Dalam pandangan Barat, BRICS dianggap sebagai “kelompok revisionis” yang menantang tatanan ekonomi global. Akibatnya, keikutsertaan Indonesia bisa ditafsirkan sebagai pergeseran arah politik luar negeri, dari mitra Barat menjadi bagian dari blok Timur.
Namun, sejumlah pengamat seperti Prof. Dewi Fortuna Anwar menilai langkah ini justru cerminan politik luar negeri bebas aktif yang tetap relevan. Indonesia harus pandai menyeimbangkan hubungan agar tidak terseret dalam rivalitas kekuatan besar. Saat ini, dunia menghadapi dua arah ekonomi besar:
- Status quo, yang mempertahankan sistem pasar global pasca Perang Dunia II dan cenderung menguntungkan negara maju.

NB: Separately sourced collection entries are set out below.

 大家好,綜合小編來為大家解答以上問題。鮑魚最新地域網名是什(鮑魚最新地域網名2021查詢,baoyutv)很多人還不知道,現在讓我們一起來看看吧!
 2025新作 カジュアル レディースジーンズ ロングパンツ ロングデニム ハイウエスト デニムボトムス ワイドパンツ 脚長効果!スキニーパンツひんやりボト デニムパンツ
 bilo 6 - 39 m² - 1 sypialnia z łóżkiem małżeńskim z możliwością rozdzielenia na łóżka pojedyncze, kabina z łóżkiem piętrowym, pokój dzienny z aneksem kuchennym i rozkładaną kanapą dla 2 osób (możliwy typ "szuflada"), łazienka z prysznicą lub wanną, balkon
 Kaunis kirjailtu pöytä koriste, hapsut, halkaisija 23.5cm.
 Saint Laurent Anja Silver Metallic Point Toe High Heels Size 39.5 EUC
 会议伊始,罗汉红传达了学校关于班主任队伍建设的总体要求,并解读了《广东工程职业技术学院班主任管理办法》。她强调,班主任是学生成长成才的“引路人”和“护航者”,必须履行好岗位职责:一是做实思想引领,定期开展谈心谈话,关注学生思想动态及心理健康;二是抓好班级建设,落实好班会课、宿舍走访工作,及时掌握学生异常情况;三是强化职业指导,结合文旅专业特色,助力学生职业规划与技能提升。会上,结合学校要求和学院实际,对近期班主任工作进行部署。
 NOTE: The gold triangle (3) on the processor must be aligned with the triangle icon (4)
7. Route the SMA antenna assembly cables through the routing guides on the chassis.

- Reformasi sistem baru, yang menolak dominasi tunggal dan mendorong sistem ekonomi yang lebih adil bagi negara berkembang.
Indonesia berada di tengah-tengah tarikan dua kutub ini. Washington menawarkan penurunan tarif ekspor, sementara Beijing menawarkan pinjaman berbasis mata uang lokal. Untuk menjaga kepercayaan kedua pihak, Indonesia harus menjadi pihak netral yang menciptakan “ruang ketiga”, bukan sekadar memilih salah satu blok, tetapi menjadi jembatan di antara keduanya.

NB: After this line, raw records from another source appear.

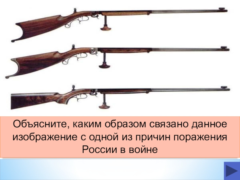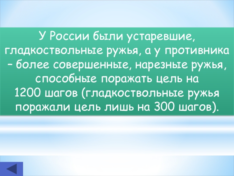 Слайд 8У России были устаревшие, гладкоствольные ружья, а у противника – более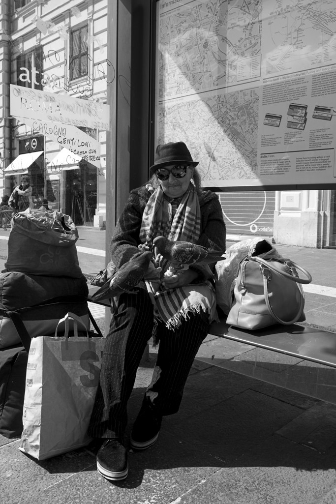 Da dietro avrei perso il suo rapporto con i piccioni ma l'alterazione, anche se minima, della realtà mi ha consentito di stingere un rapporto con lei, l'ho incontrata tempo dopo e h chiacchierato un po' con lei e ho potuto farle un'altra foto dove lei è chiaramente in posa ma non credo sia meno forte della prima sono solo due foto diverse e per me entrambe "street" solo con diversi livelli di alterazione della realtà. Mi piace come sis ta sviluppando questo confronto di idee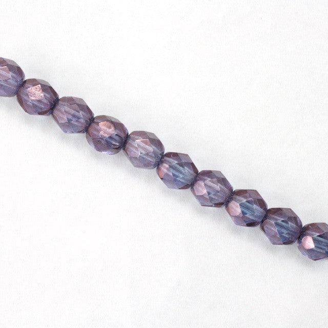 6mm pressed glass faceted round "Fire polished" bead.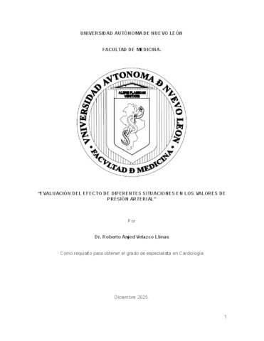 Velazco Llinas, Roberto Anjed (2025) Evaluación del efecto de diferentes situaciones en los valores de presión arterial. Especialidad thesis, Universidad Autónoma de Nuevo León.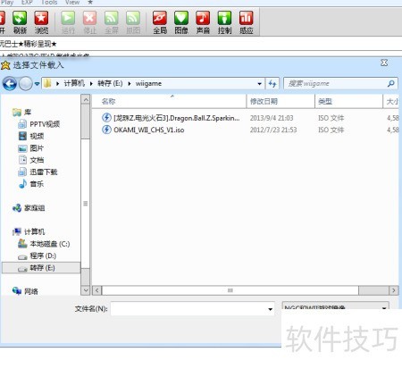 10、 点击主界面左上角的打开按钮,浏览至游戏镜像所在文件夹,选中目标游戏即可在电脑上运行Wii游戏。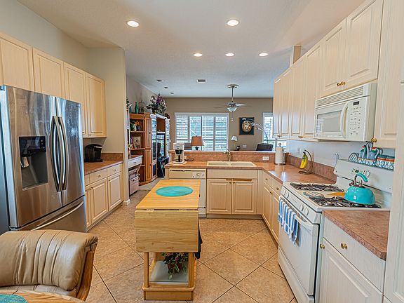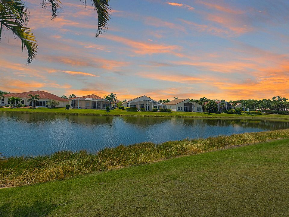 Welcome to this beautifully maintained 2-bedroom, 2-bathroom + den waterfront home located in The Cascades, a premier 55+ gated community offering resort-style living. Enjoy stunning wide-water views from the spacious covered and screened lanai -- the perfect space for morning coffee or evening relaxation. The open floor plan features generous bedroom sizes, plantation shutters, and diagonal tile in the main living areas. The kitchen features gas cooking, ideal for those who enjoy cooking. HOA dues include lawn care and cable for added convenience. Residents enjoy top-tier amenities including golf, tennis, pickleball, a clubhouse, resort-style pool, and more. Experience Florida living at its finest!

Langkah bijak bagi Indonesia adalah tidak langsung menyetujui agenda “mata uang bersama” BRICS yang bisa memicu reaksi keras dari Barat. Mengingat keputusan BRICS diambil melalui konsensus, Indonesia dapat menunda tanpa menolak, sambil tetap memperkuat kerja sama ekonomi melalui transaksi mata uang lokal. Sikap non-blok bukan berarti pasif. Justru, di tengah dunia yang semakin terpolarisasi, strategi ini adalah bentuk kedaulatan dan kecerdasan diplomasi. Indonesia tidak hanya tertarik pada BRICS, tetapi juga aktif dalam proses aksesi OECD. Menurut laporan OECD pada 3 Juni 2025, Indonesia telah menyerahkan Initial Memorandum dan ditargetkan menjadi anggota tetap pada 2027.
Pemerintahan Prabowo melihat peluang strategis untuk menjadikan Indonesia penghubung antara BRICS dan OECD. Dengan posisi geografis penting di jalur perdagangan dunia seperti Selat Malaka, Indonesia memiliki potensi menjadi jembatan antara Dunia Utara dan Dunia Selatan, antara kekuatan lama dan kekuatan baru. Bergabungnya Indonesia dengan BRICS tidak serta-merta mengancam keamanan internasional. Justru, jika dikelola dengan bijak, langkah ini bisa memperkuat posisi Indonesia sebagai kekuatan penyeimbang di tengah perubahan tatanan dunia.